12. Provisions Relating to Certain Goods
The Company shall be entitled not to comply with the terms of any contract if it is of the opinion that to do so would be in breach of any applicable laws (either in the United Kingdom or elsewhere) relating to the production, storage or supply of goods.
13. Benefit of Contracts
The purchaser shall not be entitled to assign or otherwise transfer all or any of its rights and obligations under the Contract between it and the Company.
14. Divisibility Clause
All contracts are divisible. Each delivery made thereunder shall be deemed to arise from a separate contract and shall be invoiced separately; any invoice for a delivery shall be payable in full in accordance with the terms of payment provided for therein, without reference to and not withstanding any defect or fault in delivery of any other instalment.
15. Governing Law
These conditions and any Contract between the Company and the purchaser shall be subject to and constructed in accordance with English law. The purchaser agrees to submit to the non-exclusive jurisdiction of the English courts.
16. Data Protection Act 1998 (unincorporated Customers)
a) The Company, or our banker/financiers, may make credit reference agency searches in respect of your business and its principals.
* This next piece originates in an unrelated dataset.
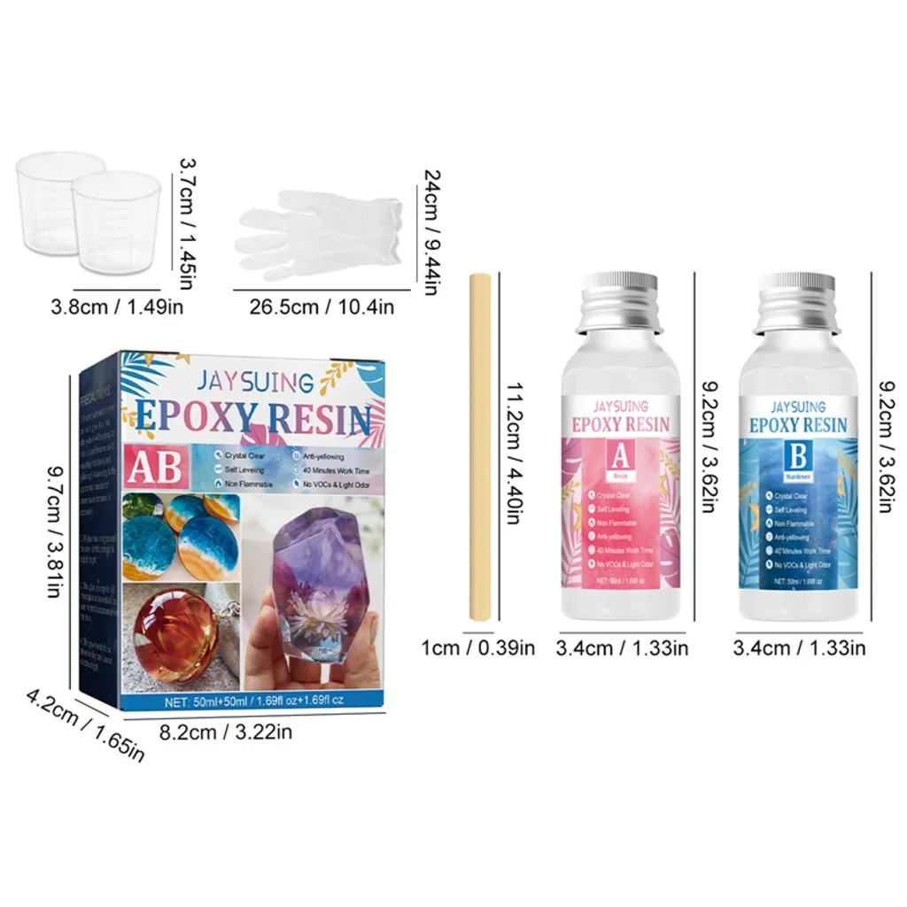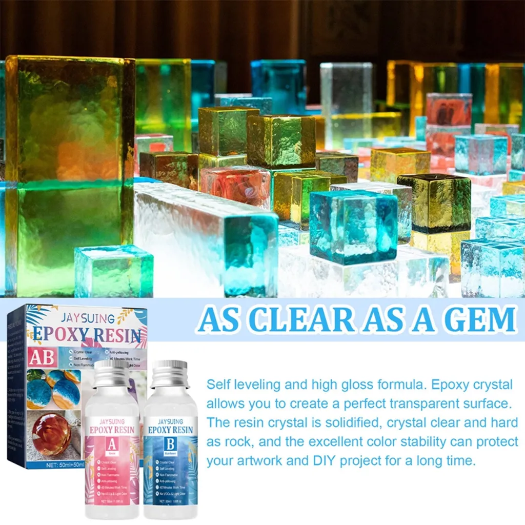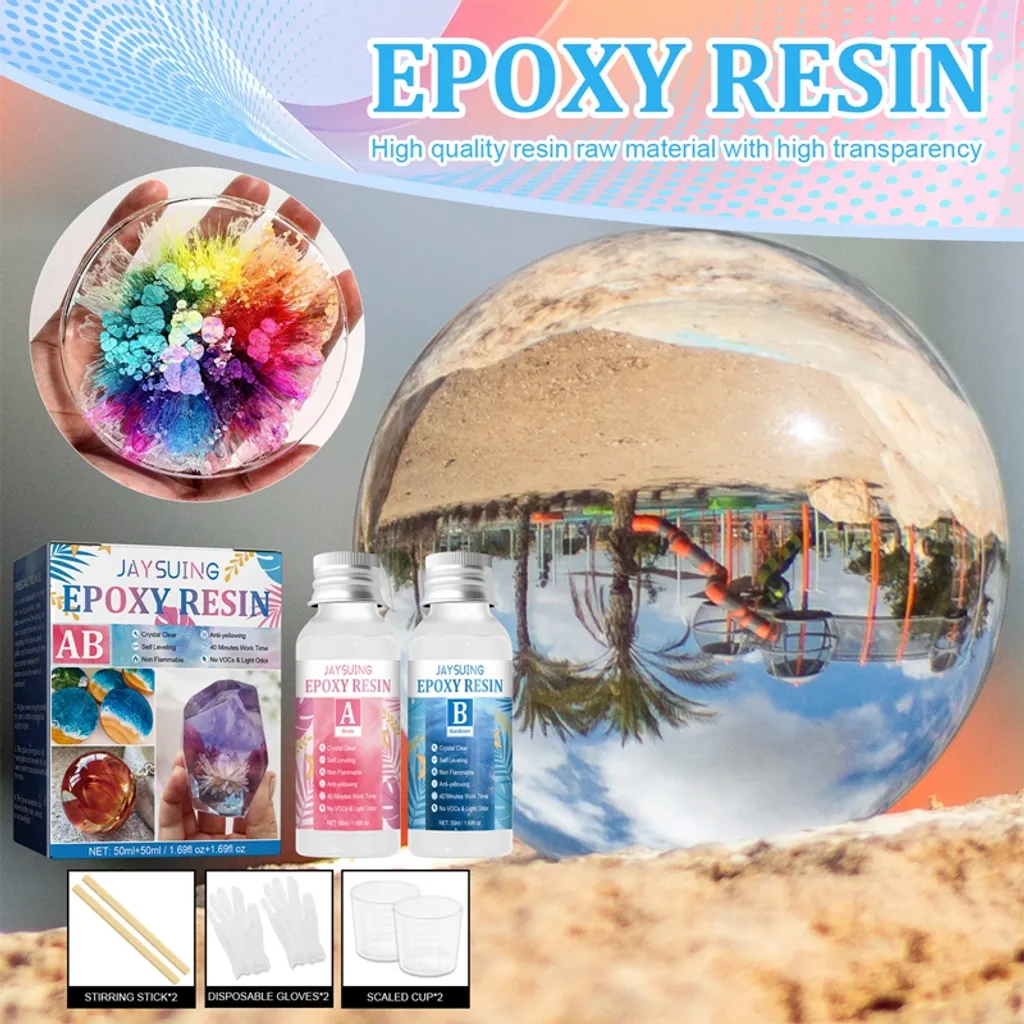 Epoxidharz Klares Gießharz Set,Kristall-Epoxidharz Kit Ab Kleber Hartkleber Heimwerkerbedarf Kunstgussharzformen 50ml+50ml

Please note that credit reference agencies make a record of searches that prevent fraud or money laundering or by subscribers to make credit decisions about you.
b) We may transfer information about you to our bankers, in order for them to provide their services to us and other customers of theirs and to help them (1) obtain credit insurance (2) undertake credit control (3) undertake assessment and analysis (including credit scoring, market, product and statistical analysis) (4) securities debts and (5) protect their interests.
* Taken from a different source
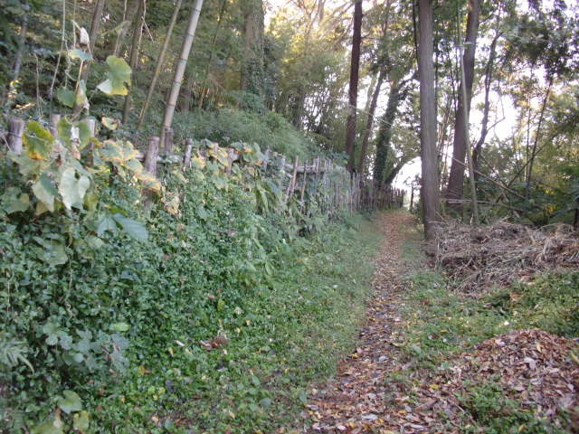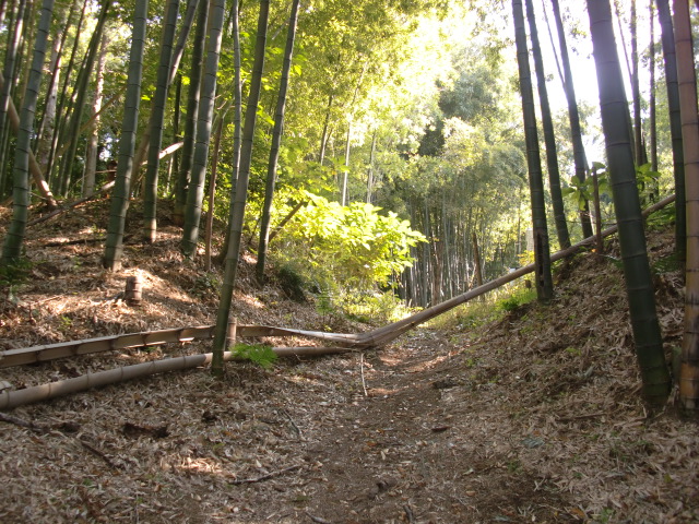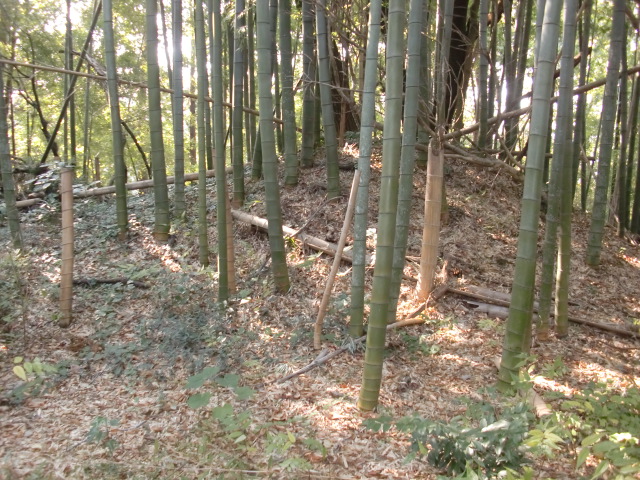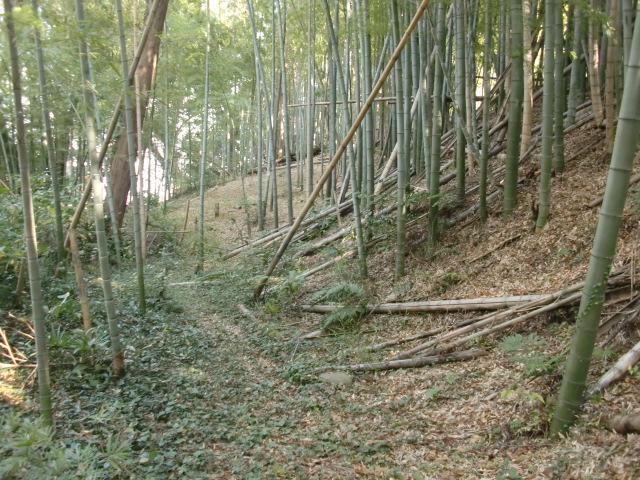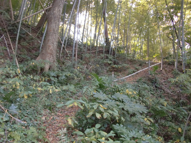 主郭の土塁に囲まれた郭に沿って藪を抜けると東腰郭へ…

c) Our bankers may give information about you and your indebtedness to the following for the purpose stated
i) any other divisions or associated companies of theirs – for the business purposes of such divisions or companies
ii) our or their insurers – to quote for and issue any credit policy or
to deal with any claims any advisers acting our or their behalf – so the advisers can carry out their services
iii) any business to which your indebtedness or our financing arrangements with them may be transferred – to facilitate such transfer
iv) to any person to whom they have a duty of disclosure or to whom the law permits disclosure
d) i) Our bankers may make decisions about you solely using an automated decision making process, such as credit scoring, however, they will tell us (and in turn we will tell you) if they make a significant decision only using such a process. Through the Company, you can request a review of their decision using other means.
ii) Our bankers may monitor and record your phone calls to them for training and/or security purposes.
iii) We will provide you with details of our bankers on request, including a contact telephone number from where you can obtain details of the credit reference agencies used by them and any third party to whom information may be transferred.